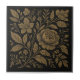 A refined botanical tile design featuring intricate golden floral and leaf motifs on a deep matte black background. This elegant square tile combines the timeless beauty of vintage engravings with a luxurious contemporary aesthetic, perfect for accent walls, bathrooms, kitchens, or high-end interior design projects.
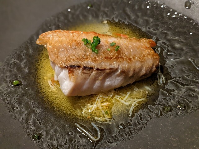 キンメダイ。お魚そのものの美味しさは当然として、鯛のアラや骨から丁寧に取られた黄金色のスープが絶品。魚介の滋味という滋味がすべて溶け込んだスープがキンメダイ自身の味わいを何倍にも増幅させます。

---

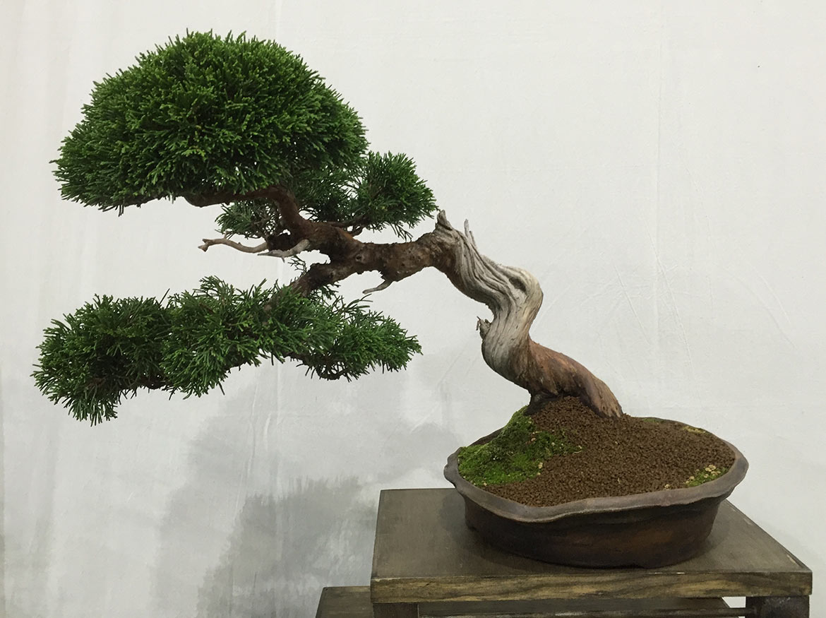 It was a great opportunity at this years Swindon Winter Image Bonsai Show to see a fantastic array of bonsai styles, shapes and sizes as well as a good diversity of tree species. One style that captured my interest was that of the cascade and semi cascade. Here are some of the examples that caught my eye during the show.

* _Work required_
From the records above, output only the lines starting at the one containing "A refined botanical" and ending at the one containing "キンメダイ。お魚そのものの美", word for word. Pictures stay out.

* _Written response_
 A refined botanical tile design featuring intricate golden floral and leaf motifs on a deep matte black background. This elegant square tile combines the timeless beauty of vintage engravings with a luxurious contemporary aesthetic, perfect for accent walls, bathrooms, kitchens, or high-end interior design projects.
 キンメダイ。お魚そのものの美味しさは当然として、鯛のアラや骨から丁寧に取られた黄金色のスープが絶品。魚介の滋味という滋味がすべて溶け込んだスープがキンメダイ自身の味わいを何倍にも増幅させます。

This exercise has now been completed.